[Source data]
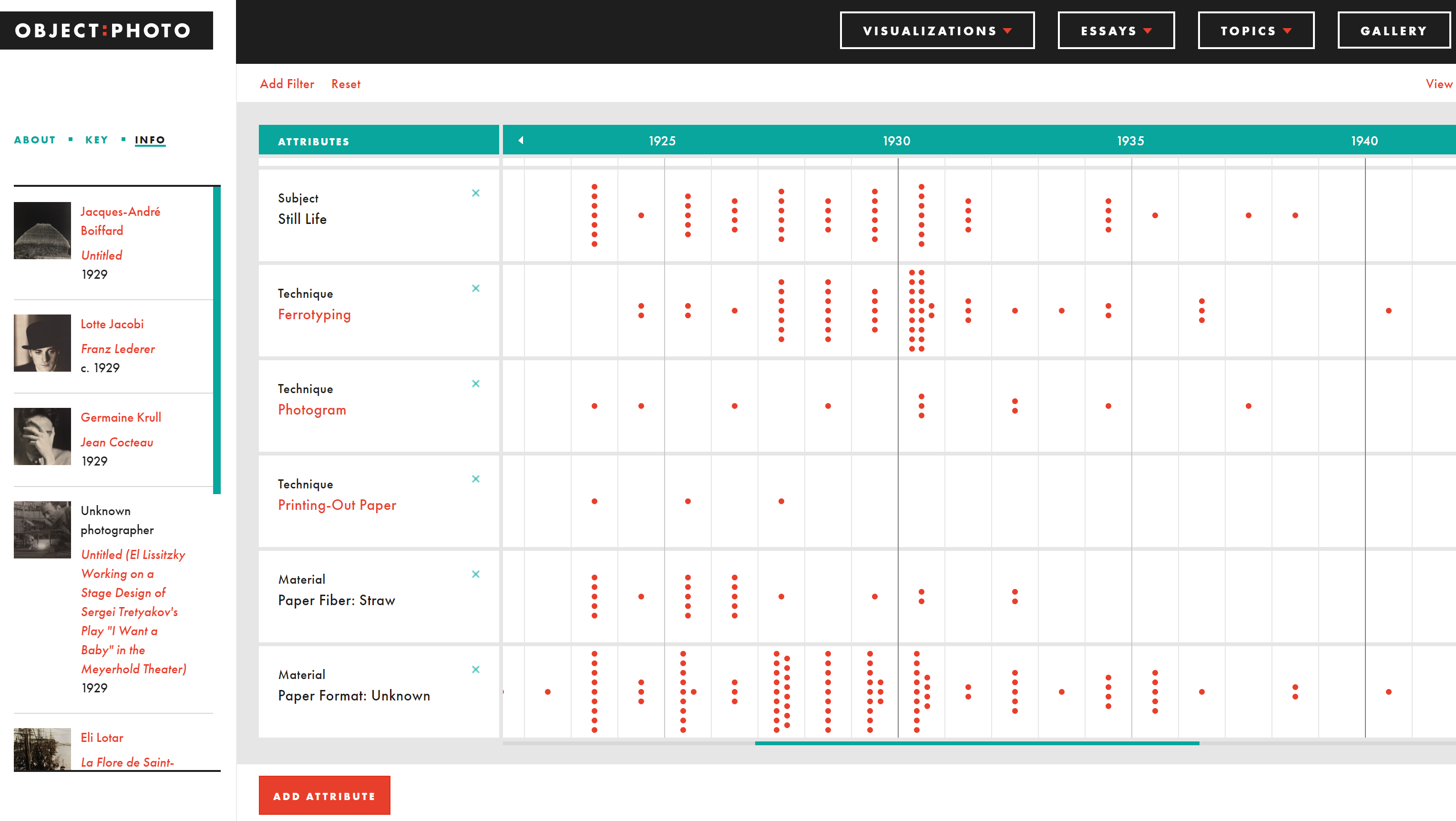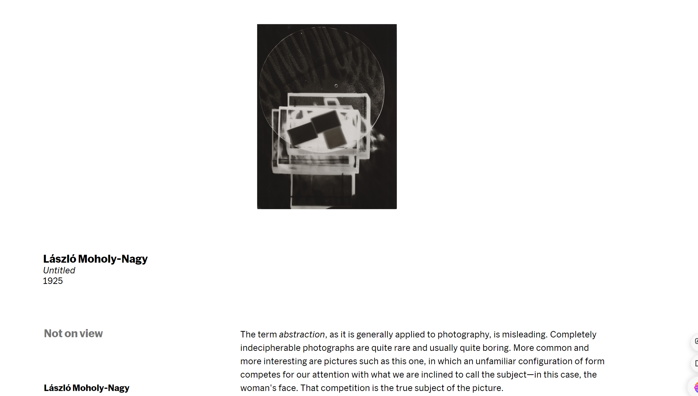 Tijdens mijn zoektocht naar materialiteit ontdenkte ik de database OBJECT:PHOTO. Een initiatief van MoMA waar je een collectie beelden kunt vinden die gemaakt zijn tussen de eerste en tweede wereldoorlog. In deze tijd werd er actief gebruik gemaakt van zowel oude als nieuwe vormen van fotografie. In deze database kun je foto's mappen, kunstenaars linken aan elkaar, ontdekken welke materialen en technieken er gebruikt werden. Via deze website heb ik veel kunnen leren over oude druktechnieken die op dit moment zelden worden gebruikt zoals Ferrotype. Ook qua materiaal waarop gedrukt is door sommige fotografen ben ik geïnspireerd. Denk aan papier gemaakt van stro. Hier boven hebben we het al gehad over analoge fotografie en experimenteren binnen de fotografie. Voeg hier materialiteit aan toe en dan hebben we het voor een groot deel over mijn artistieke praktijk. En al de besproken informatie tot zo ver hebben mij geïnspireerd, niet alleen voor mijn eigen praktijk maar ook om de eindeloze mogelijkheden die fotografie bevat door te geven aan mede-fotografen, studenten en jongeren om mij heen.
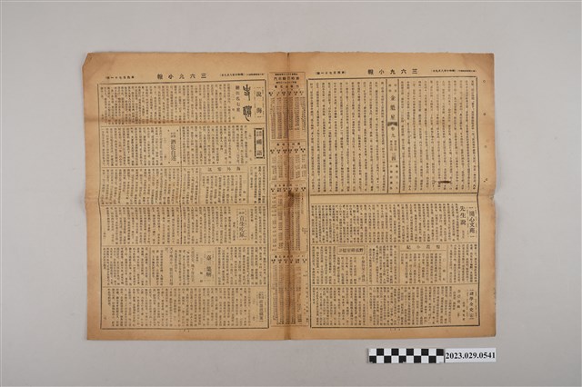 1.本物件為三六九小報社發行《三六九小報》第四百七十一號,發行人為趙雅福,正面為廣告頁,有泰安合資會社、和光醫院、王外科醫院、鴻文活版舍、蘭記書局等廣告;背面雜爼專欄則有「靜室小言」、「黃莘田與徐懶雲」等文章;翻開內頁有說海專欄「街名七星」、滑稽小說「酒徒自述」等文章。2.《三六九小報》發行時間自昭和5年(1930)至昭和10年(1935),旨以刊登戲謔、針砭時事之文,反映當時的社會狀況。
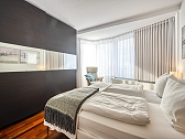 Dort befindet sich ein Doppelbett mit hochwertigen Matratzen sowie ein großzügiger Kleiderschrank. Aus einem gemütlichen
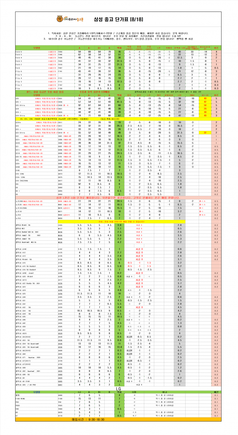 매장소식 2025년 8월 18일 중고폰 매입 단가표 작성일25.08.18 11:45 | 조회수 1,192 2025년 8월 18일 중고폰 매입 단가표 이전글폰사자쇼핑몰 교환&환불 정책 안내 다음글2025년 8월 11일 중고폰 매입 단가표 목록
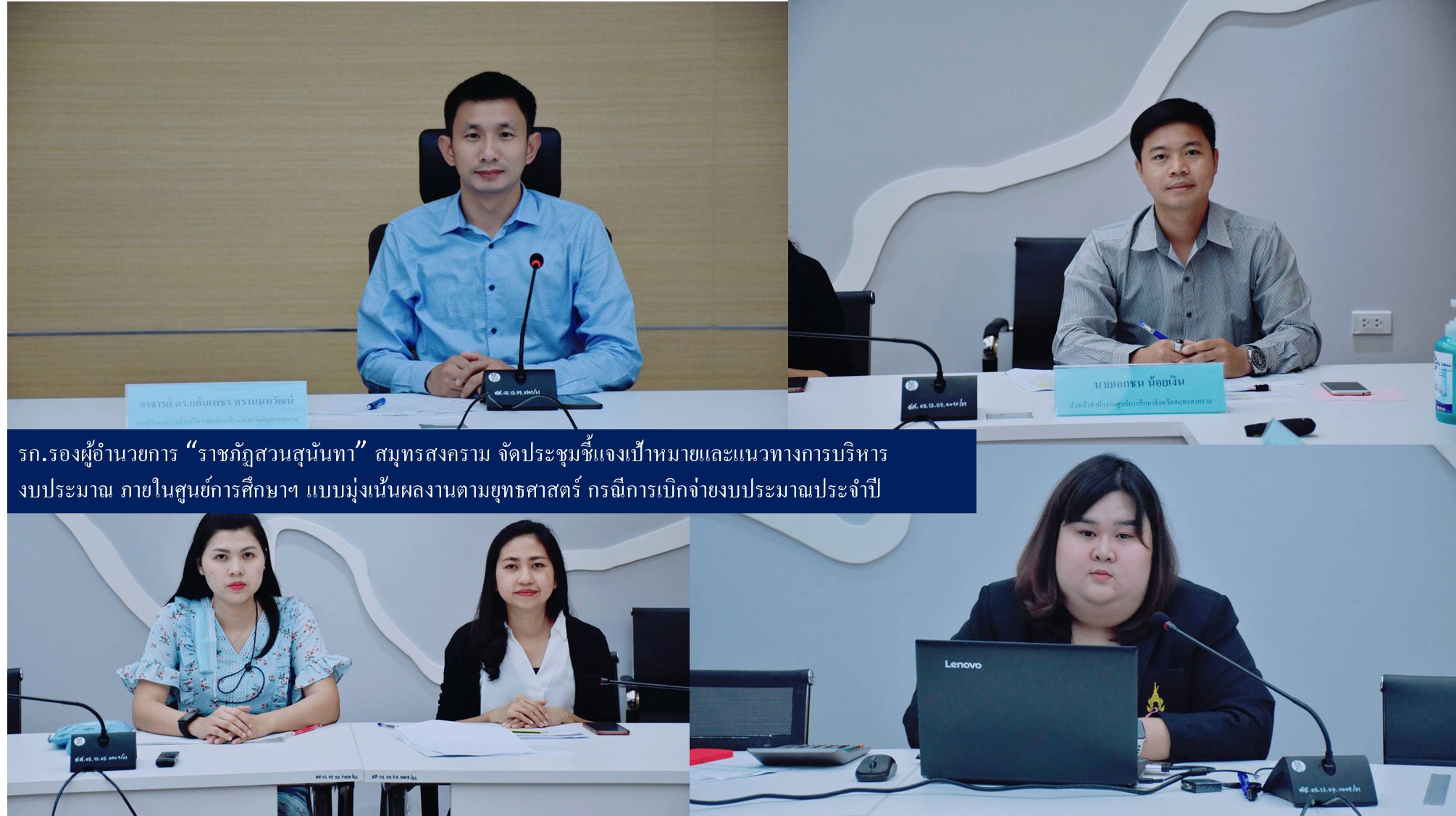 On December 9th, 2020 at 11:00am, Prof. Dr. Kaenpet Saranontawat, Deputy Director for Administration, Samut Songkhram Education Center, Suan Sunandha Rajabhat University along with Mr. Eakkachon Noyngern, Chief of the Office, held a meeting to clarify goals and budget management guidelines within the education center according to the strategy in the case of disbursement of the annual budget, for the Planning Department and the Finance Department to discuss and solve the problems, at Phan Pruksa Meeting Room, 5th Floor, Health Rehabilitation Operation Building.
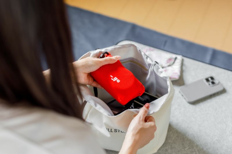 360°どの方向にも伸びるニット素材の収納ポーチ「パッキングニット_go」
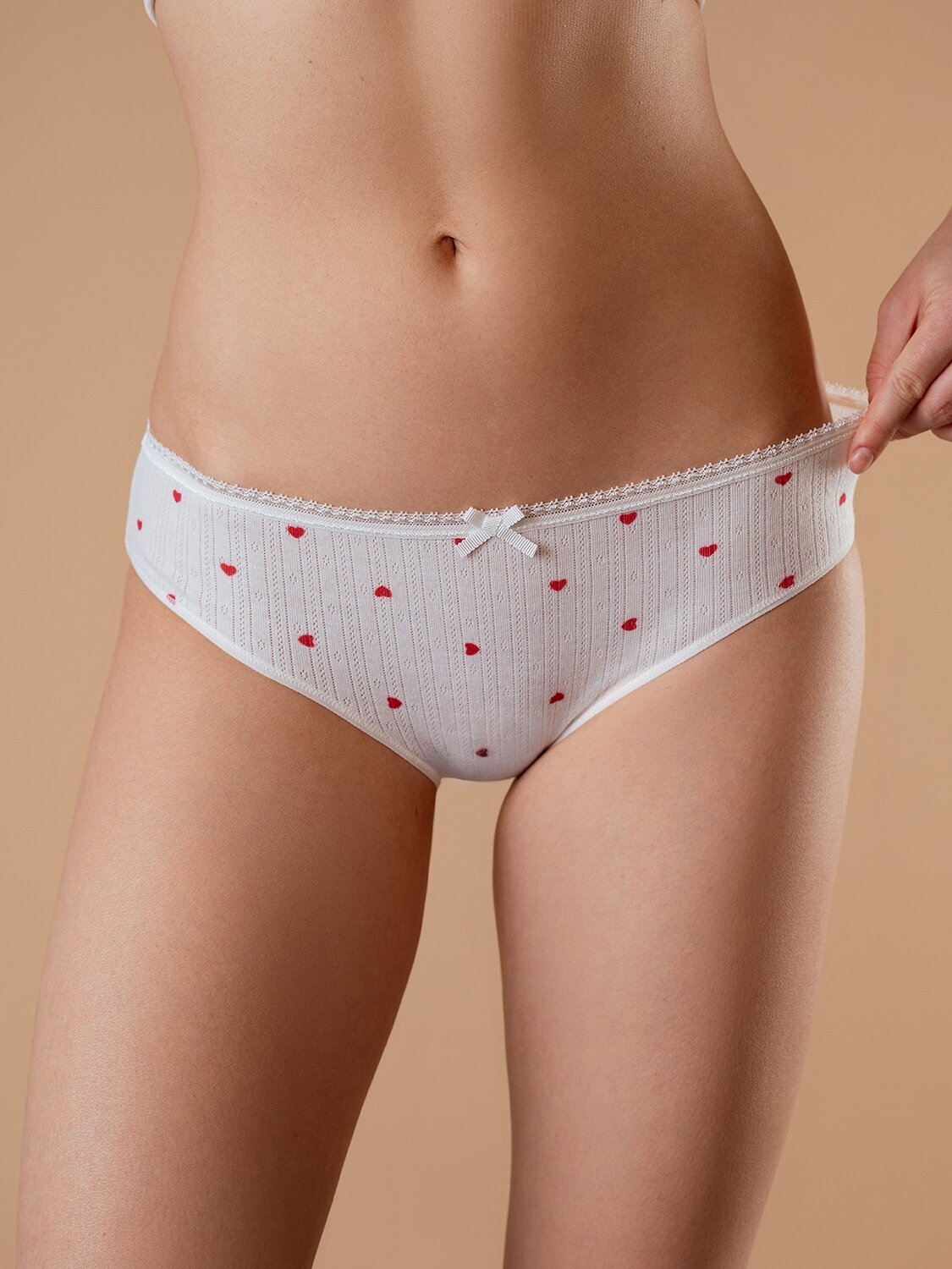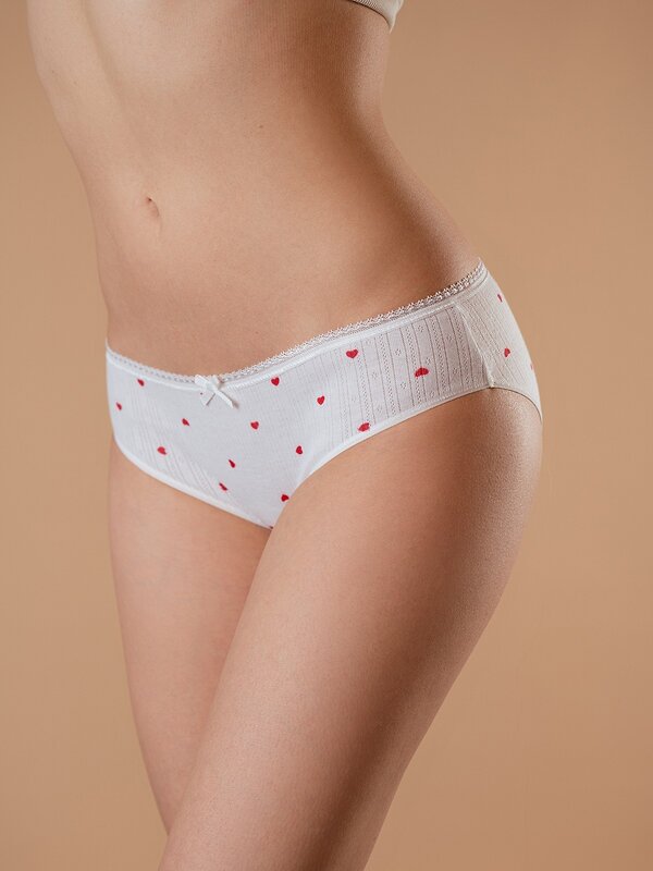 Трусы слипы женские изготовлены из полиэстера с мелкой перфорацией. Имеют среднюю посадку, держатся во время носки тонкой резинкой на талии. На внутренней стороне трусов имеется хлопковая ластовица. На трусы слипы нанесён принт с изображением сердечек.
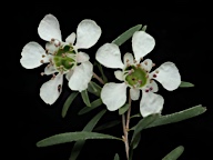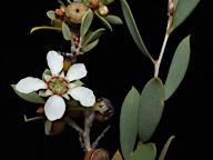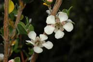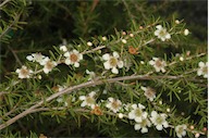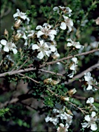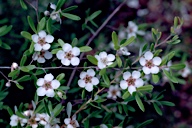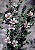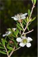 | Leptospermum scoparium | | Taken at. c. 0.5 km from Bass Highway along Rocky Cape Road, TAS | | Photographer. Fagg, M. | | a 37156 |
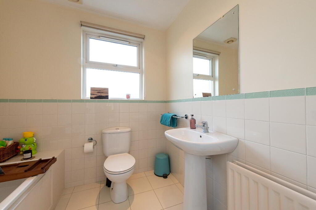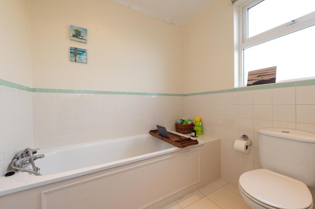 BATHROOM White suite comprising bath, telephone hand shower, low flush W/C, pedestal wash hand basin, wall tiling, ceramic tiled flooring, extractor fan, downlighters
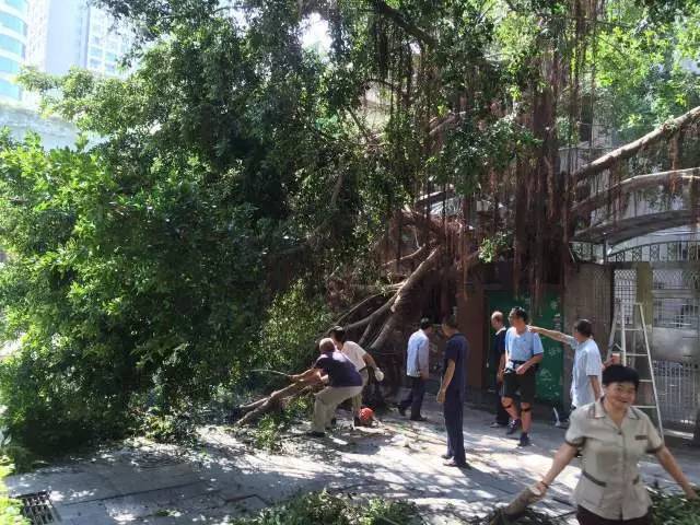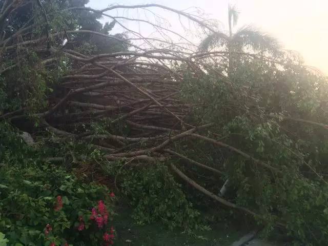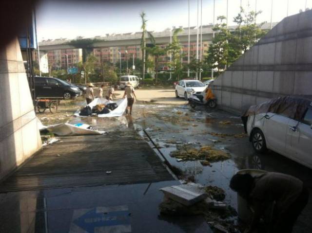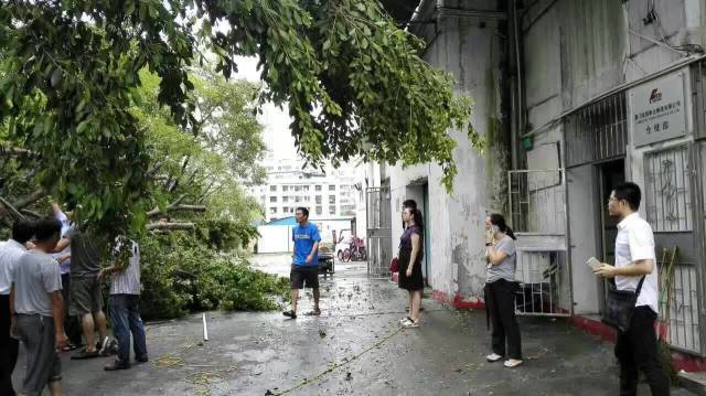 在物業(yè)公司員工的幫助下,幾個(gè)被風(fēng)吹破的玻璃很快被用木板臨時(shí)加固。在他們和地產(chǎn)廈門公司全力協(xié)助以及社區(qū)志愿者配合下,被倒坍大樹阻擋的進(jìn)出國貿(mào)大廈的 唯一通道于17日上午順利打通,所有樹枝分三部車也在當(dāng)天晚上8時(shí)許的瓢潑大雨中運(yùn)走,確保了18日上班車輛的正常通行。
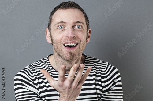 surprise and success concept - closeup of handsome middle age man looking surprised and thrilled with casual goatee and hand forward
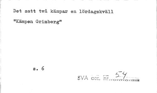 //// Bet satt två kämpar en lördagskväll "Kämpen Grimberg" //// s.6 _ //// - — t y //// SVA ccc. ////
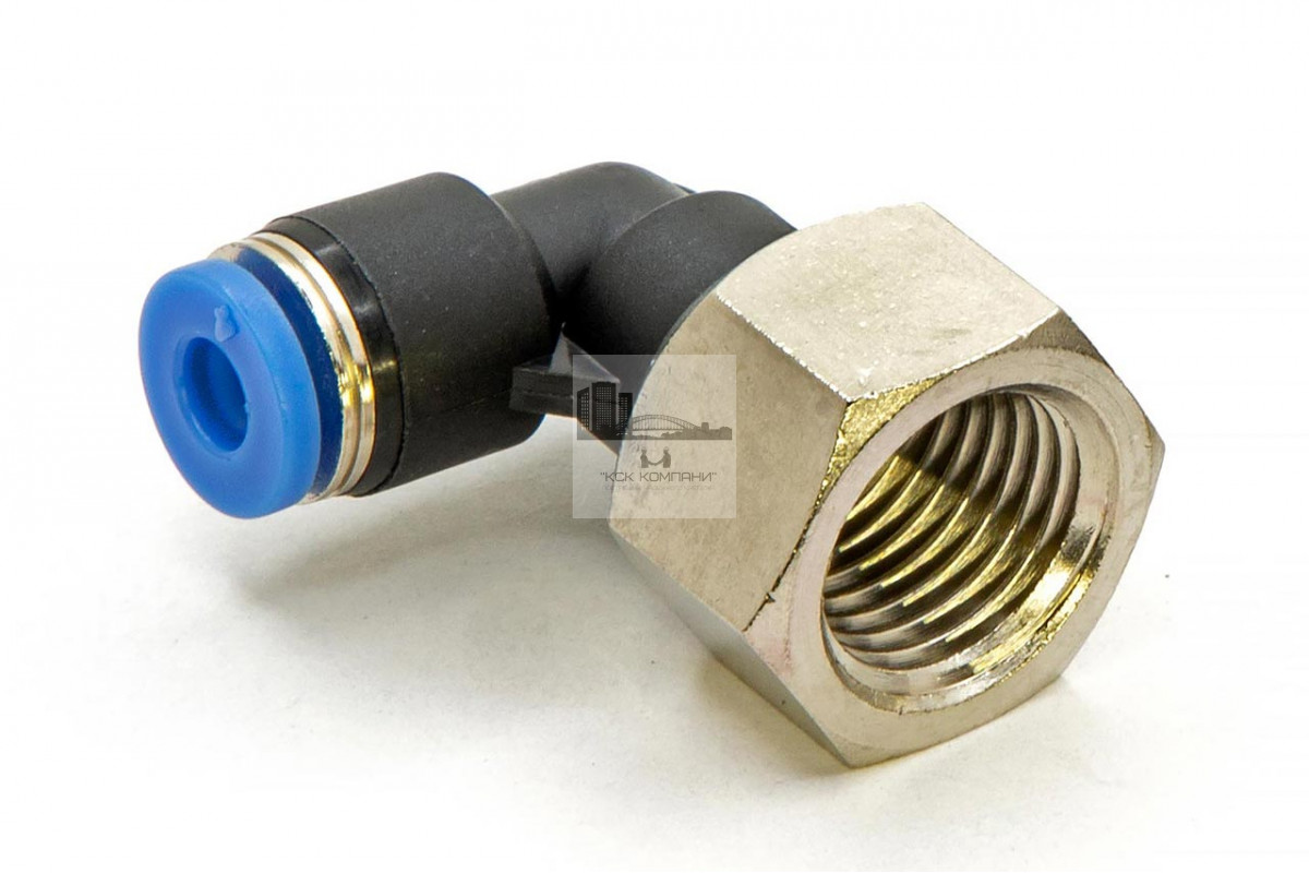 PLF – модель фитинга (трубка-резьба): L-образный фитинг с внутренней резьбой с одной стороны и нажимным цанговым соединением с другой стороны

▸ INSTRUCTIONS FOR THE TASK
Although the records contain pictures, the output must hold only their exact wording.

▸ ANSWER AREA
 Tijdens mijn zoektocht naar materialiteit ontdenkte ik de database OBJECT:PHOTO. Een initiatief van MoMA waar je een collectie beelden kunt vinden die gemaakt zijn tussen de eerste en tweede wereldoorlog. In deze tijd werd er actief gebruik gemaakt van zowel oude als nieuwe vormen van fotografie. In deze database kun je foto's mappen, kunstenaars linken aan elkaar, ontdekken welke materialen en technieken er gebruikt werden. Via deze website heb ik veel kunnen leren over oude druktechnieken die op dit moment zelden worden gebruikt zoals Ferrotype. Ook qua materiaal waarop gedrukt is door sommige fotografen ben ik geïnspireerd. Denk aan papier gemaakt van stro. Hier boven hebben we het al gehad over analoge fotografie en experimenteren binnen de fotografie. Voeg hier materialiteit aan toe en dan hebben we het voor een groot deel over mijn artistieke praktijk. En al de besproken informatie tot zo ver hebben mij geïnspireerd, niet alleen voor mijn eigen praktijk maar ook om de eindeloze mogelijkheden die fotografie bevat door te geven aan mede-fotografen, studenten en jongeren om mij heen.
 1.本物件為三六九小報社發行《三六九小報》第四百七十一號,發行人為趙雅福,正面為廣告頁,有泰安合資會社、和光醫院、王外科醫院、鴻文活版舍、蘭記書局等廣告;背面雜爼專欄則有「靜室小言」、「黃莘田與徐懶雲」等文章;翻開內頁有說海專欄「街名七星」、滑稽小說「酒徒自述」等文章。2.《三六九小報》發行時間自昭和5年(1930)至昭和10年(1935),旨以刊登戲謔、針砭時事之文,反映當時的社會狀況。
 Dort befindet sich ein Doppelbett mit hochwertigen Matratzen sowie ein großzügiger Kleiderschrank. Aus einem gemütlichen
 매장소식 2025년 8월 18일 중고폰 매입 단가표 작성일25.08.18 11:45 | 조회수 1,192 2025년 8월 18일 중고폰 매입 단가표 이전글폰사자쇼핑몰 교환&환불 정책 안내 다음글2025년 8월 11일 중고폰 매입 단가표 목록
 On December 9th, 2020 at 11:00am, Prof. Dr. Kaenpet Saranontawat, Deputy Director for Administration, Samut Songkhram Education Center, Suan Sunandha Rajabhat University along with Mr. Eakkachon Noyngern, Chief of the Office, held a meeting to clarify goals and budget management guidelines within the education center according to the strategy in the case of disbursement of the annual budget, for the Planning Department and the Finance Department to discuss and solve the problems, at Phan Pruksa Meeting Room, 5th Floor, Health Rehabilitation Operation Building.
 360°どの方向にも伸びるニット素材の収納ポーチ「パッキングニット_go」
 Трусы слипы женские изготовлены из полиэстера с мелкой перфорацией. Имеют среднюю посадку, держатся во время носки тонкой резинкой на талии. На внутренней стороне трусов имеется хлопковая ластовица. На трусы слипы нанесён принт с изображением сердечек.
 | Leptospermum scoparium | | Taken at. c. 0.5 km from Bass Highway along Rocky Cape Road, TAS | | Photographer. Fagg, M. | | a 37156 |
 BATHROOM White suite comprising bath, telephone hand shower, low flush W/C, pedestal wash hand basin, wall tiling, ceramic tiled flooring, extractor fan, downlighters
 在物業(yè)公司員工的幫助下,幾個(gè)被風(fēng)吹破的玻璃很快被用木板臨時(shí)加固。在他們和地產(chǎn)廈門公司全力協(xié)助以及社區(qū)志愿者配合下,被倒坍大樹阻擋的進(jìn)出國貿(mào)大廈的 唯一通道于17日上午順利打通,所有樹枝分三部車也在當(dāng)天晚上8時(shí)許的瓢潑大雨中運(yùn)走,確保了18日上班車輛的正常通行。
 surprise and success concept - closeup of handsome middle age man looking surprised and thrilled with casual goatee and hand forward
 //// Bet satt två kämpar en lördagskväll "Kämpen Grimberg" //// s.6 _ //// - — t y //// SVA ccc. ////
 PLF – модель фитинга (трубка-резьба): L-образный фитинг с внутренней резьбой с одной стороны и нажимным цанговым соединением с другой стороны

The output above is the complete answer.